Pendant que la conférence se déroulait, un correspondant qui avait visité le Ghana, il y a cinq ans, est retourné afin de constater le progrès depuis sa dernière visite. Il a choisi de rendre visite à une petite fille qui est née il y a exactement 5 ans. Il a rencontré la petite fille, Hannah Klutsey - qui courrait hors de la maison familiale composée d’une seule pièce avec des yeux plein de larmes. Un morceau de pain s’était logé dans sa gorge et ses yeux étaient exorbités et injectés de sang. Sa mère, Mary, a abandonné son fagot de bois qu’elle portait et s’est précipitée vers un pot à eau en plastique qui se trouvait devait une cuisine misérable. Elle est revenue avec une tasse en plastique pleine d’eau que Hannah a vidée d’un coup. C’est seulement plus tard, alors que la petite fille récupérait sur les genoux de sa mère, qu’elles ont remarqué les larves de moustique au fond de la tasse ; ’’une demi douzaine de créatures ressemblant à des vers qui se tortillaient dans l’eau’’
‘’ Le pot a dû rester ouvert pour que les moustiques puissent y pondre leurs œufs’’, a dit la mère dont la préoccupation immédiate était son unique fille qui venait juste de récupérer de démangeaisons sévères et pour laquelle elle craignait une rechute. ‘’Elle a survécu à sa récente maladie par miracle, une nouvelle maladie la tuerait’’, a confié le père.

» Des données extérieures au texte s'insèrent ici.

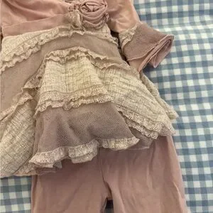 Delicate dusty pink two-piece costume with layered ruffles. Lace accents and rosette detail add charm. Soft fabric for comfortable wear. Playful vintage-inspired silhouette.
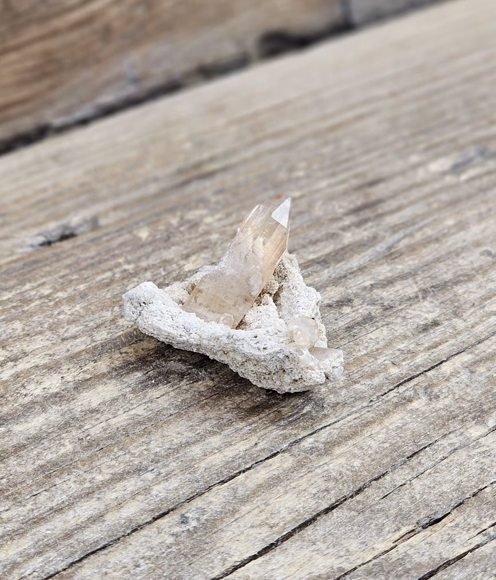 Ett fantastiskt vackert exemplar av den eftertraktade och exklusiva Champagne Topas i matrix! Mycket hög kvalité. Kristallen på bilderna är den du köper. Tänk på att kristaller kommer från naturen, små skillnader kan därför förekomma i produktens utseende på grund av dess naturmaterial. Färger kan skilja sig beroende på hur ljuset faller ner på kristallen samt även mellan olika bildskärmar m.m.
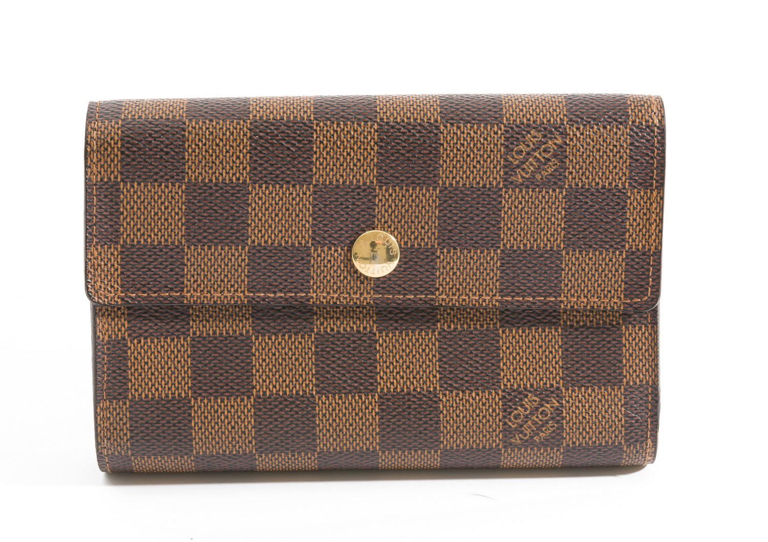 Styled in Damier Ebene canvas with gold metal hardware,15 x 10 x 2.5cm, boxed.
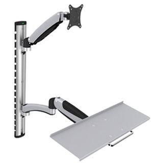Ergonomische Wandmontage mit integrierter Tastaturablage für einen aufgeräumten und platzsparenden Arbeitsplatz.
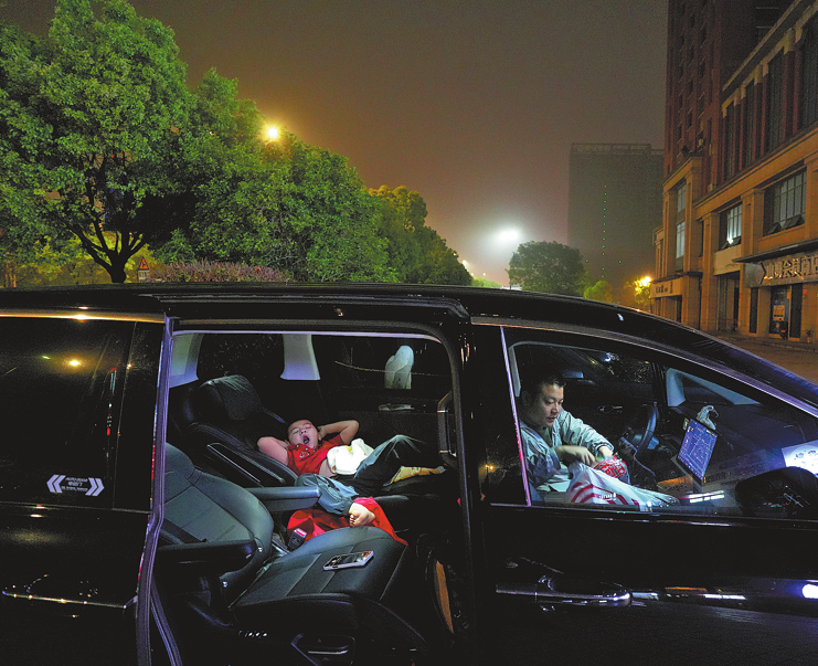 After a long drive from Guangdong province, Wu Yiren and his father arrive in Jiaxing city, East China's Zhejiang province, at dawn on April 22, 2025, to take part in a tournament. CHEN FAN/FOR CHINA DAILY
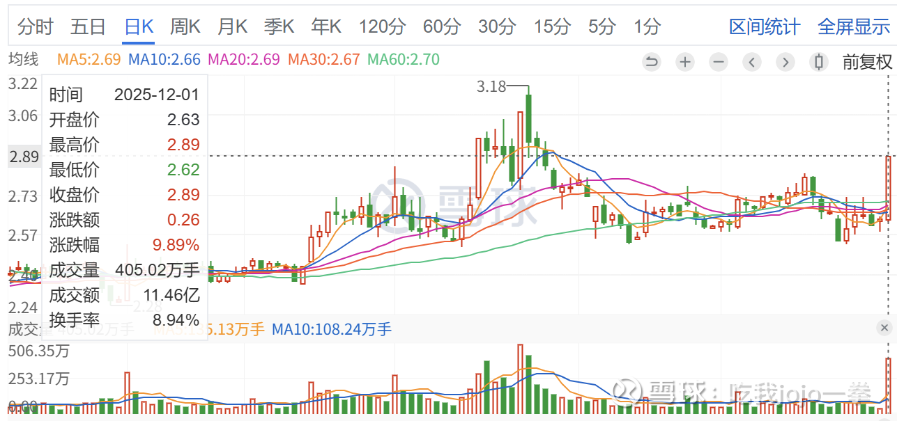 今天12月1日放量封板,成交量405万手,收盘价2.89元,价格封口完整

Il n’y a pas d’eau courante à Kpobiman, la communauté pauvre des faubourgs d’Accra où la famille demeure. Comme la plupart de leurs voisins, le ménage tire son eau d’un puits peu profond. ‘’ D’autres sont contraints de tirer leur eau de mares d’eau stagnante dans laquelle les germes et les parasites abondent. Et le correspondant d’ajouter : ’’Cette eau est tellement mauvaise qu’on ne peut pas imaginer que cette communauté n’est qu’à un jet de pierre de la capitale Accra.’’
Est-il utile de dire que si l’argent dépensé pour envoyer des délégations écouter les discours édulcorés des Nations Unies (ou plus précisément dormir semble un terme plus approprié) avait été utilisé pour améliorer la vie dans le village visité par le correspondant, il aurait contribué à la notoriété du Ghana comme étant le pays qui progresse et non comme étant le pays où la vie empire pour certains. Et soit dit en passant, ce genre de notoriété n’aurait pas coûté un centime au contribuable ghanéen.